5.5 It was then contended by the department that for constituting an activity as processing of goods, the activity should be related to the goods belonging to the assessee. In other words, it was contended that when the activity was in the nature of doing job work on goods belonging to a customer, the activity will not amount to processing of goods. We are unable to accept this contention also. In the case of Kalsi Tyre (P.) Ltd. (supra), it was held that retreading of tyres will amount to processing of goods. Normally retreading is done on tyres belonging to customers and not on tyres belonging to the concern.

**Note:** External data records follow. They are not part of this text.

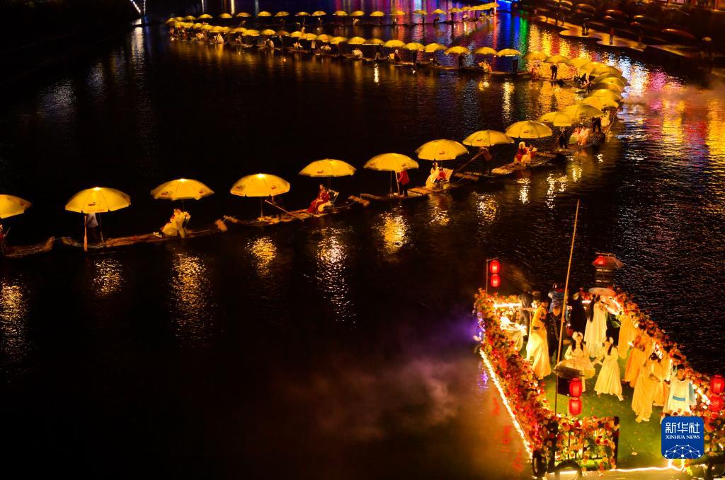 當日,在湖北省恩施土家族苗族自治州宣恩縣貢水河上,一場“貢水游龍”迎新春活動吸引不少市民游客參與體驗。“貢水游龍”由數十條竹筏作“龍身”,輔以燈光、音樂,人們可以在貢水河上“乘龍”觀賞璀璨夜景,歡樂迎新春。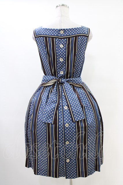 Jane Marple / ドットストライプのスクエアドレス ブルー×ブラウン H-25-10-02-021-JM-OP-KB-ZH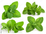 Collage mix set of Fresh green leaf mint. Isolated on white background.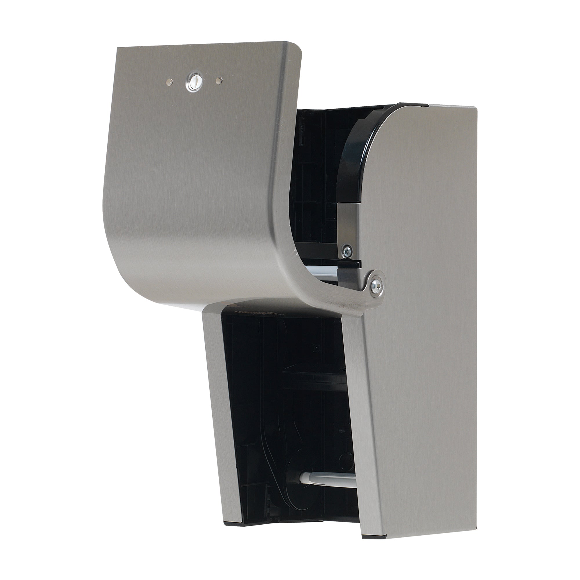 מתקן נייר טואלט אנכי דו- גלילי האטרקטיבי שלנו מסדרת Compact® מספקת קיבולת של עד פי שישה מגלילים סטנדרטיים דו-שכבתיים בודדים, תוך שמירה על המראה המקצועי. מתקן זה מספק עד 3000 גיליונות של רקמה דו-שכבתית איכותית לשירות רציף ושביעות רצון מוגברת של הפטרונים. תכונת הפתיחה האוטומטית מספקת למשתמשים שירות רציף ושביעות רצון. מציעה שקט נפשי לכל החים!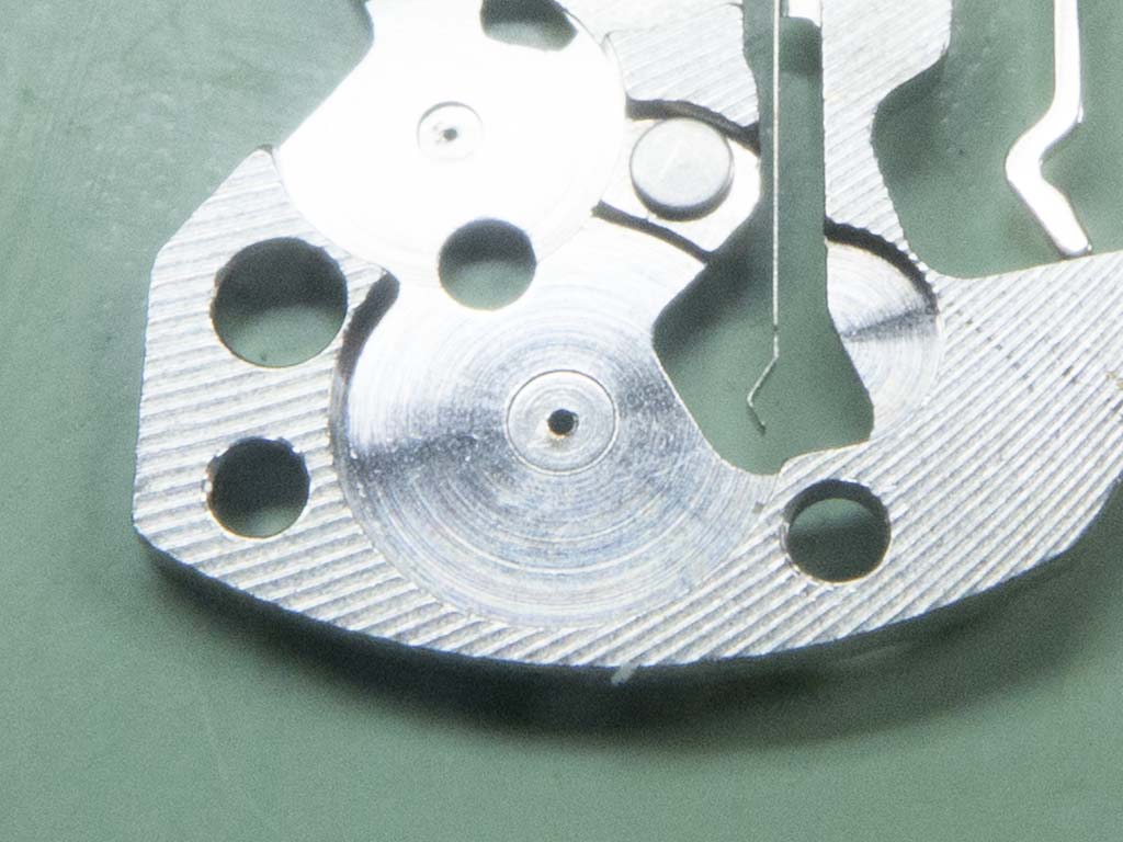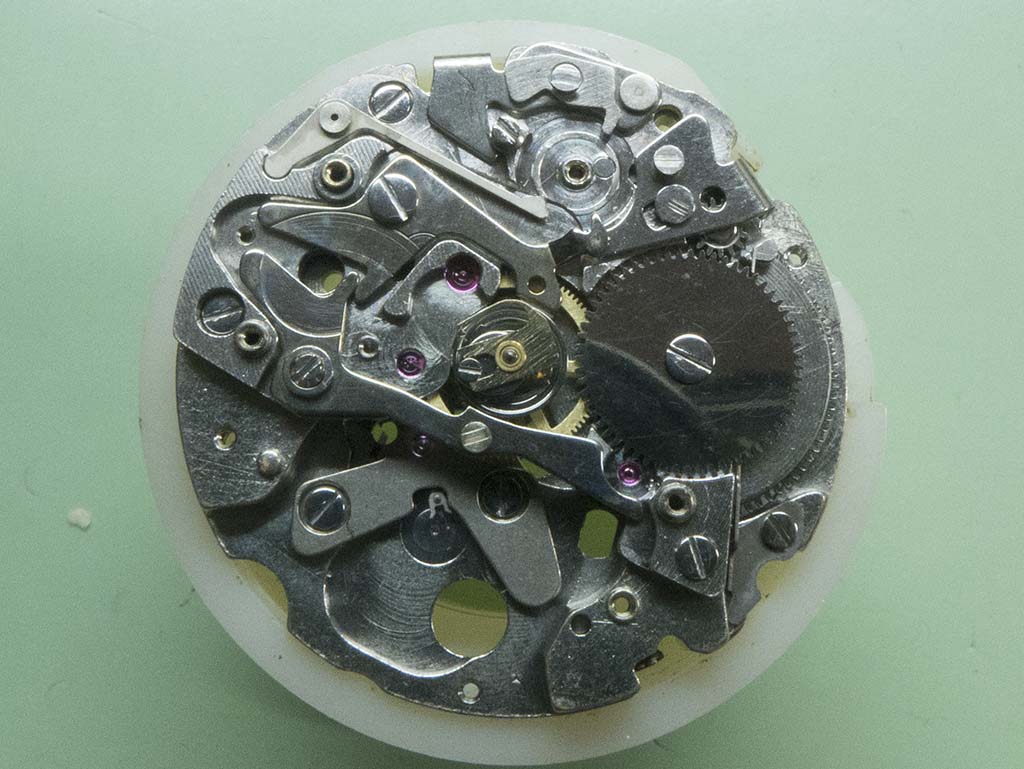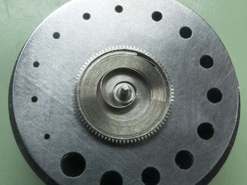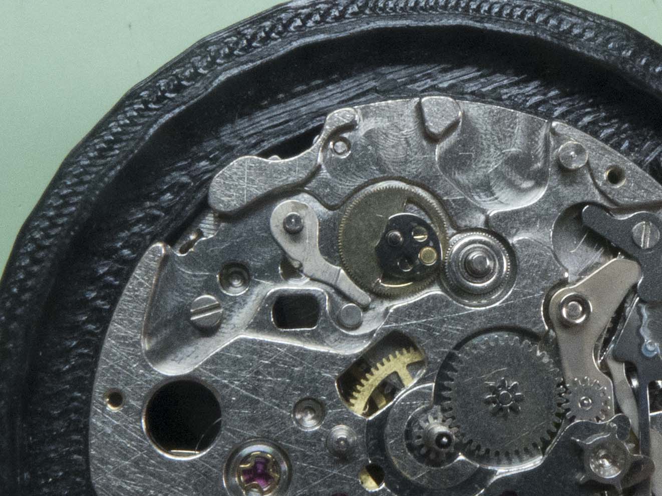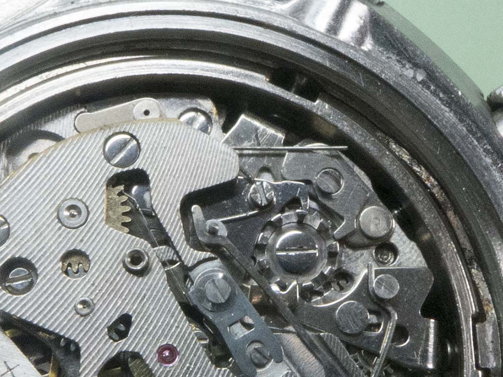 In this shot you can see the correct position of the hour recording wheels stop lever. The damage on the wheels teeth has also been dressed.

But the learned departmental representative relied upon the following observation made by the High Court : ...But, as pointed out by the Tribunal, for all practical purposes and in the commercial sense of the term, the retreaded tyre is almost a new article and indeed it is well-known that retreaded tyres are also separately sold in the market in the same way as newly manufactured tyres.(p. 641) It was argued by the department that in coming to the conclusion, the Delhi High Court had relied upon the fact that retreaded tyres could be sold separately in market and that this cannot be said in the case of engines which have been rebored. But it is to be noted that the High Court did not say that the concern which did the retreading was dealing in retreaded tyres. A reading of the judgment will indicate that the retreading would have been held to be an activity of processing even if there was no separate market for retreaded tyres. The position seems to be quite clear from the decisions in Farrukhabad Cold Storage (P.) Ltd.'s case (supra) and Radha Nagar Cold Storage (P.) Ltd.'s case (supra), wherein the articles kept in the cold storage did not belong to the concerns, which were running the cold storage. Still it was held that the activity will amount to processing of goods. Although a market for rebored engines might not have developed as in the case of retreaded tyres, we are unable to find any distinction between the ultimate effect of the processing done in both the cases. As already stated, in both instances, goods which had become unusable arc restored to their original condition and given a new lease of life. This, in our opinion, clearly amounts to processing of goods. We, therefore, uphold the assessee's claim for exemption under Section 5(1)(xxxii) as regards her interest in Popular Garage.
6. Ground No. 2 for the assessment year 1977-78 : The flats were purchased during the accounting period ending on 31-3-1976. Therefore, the Commissioner accepted the purchase price of the flats as the fair market value of the flats as on 31-3-1976. With regard to the assessment year 1977-78 for which the valuation date was 31-3-1977, the Commissioner was of the view that there would have been an increase in the value of flats which are situated in Bombay. He has only held that the value as on 31-3-1976 should not have been blindly adopted. He has only directed the WTO to determine the market value of the flats as on the relevant valuation date taking into account the relevant materials after giving clue opportunity to the assessee to furnish such materials as she may rely upon. We find no reason to interfere with this direction. If the version of the assessee is that there had been no increase in the value of the flats, it is open to the assessee to place the relevant materials before the WTO and to establish her case. We, therefore, find no reason to interfere with the order of the Commissioner on this aspect. This ground is decided against the assessee.
7. In the result, WT Appeal No. 138 (Coch.) of 1983 for the assessment year 1976-77 is allowed in part and WT Appeal No. 139 (Coch.) of 1983 for the assessment year 1977-78 is dismissed.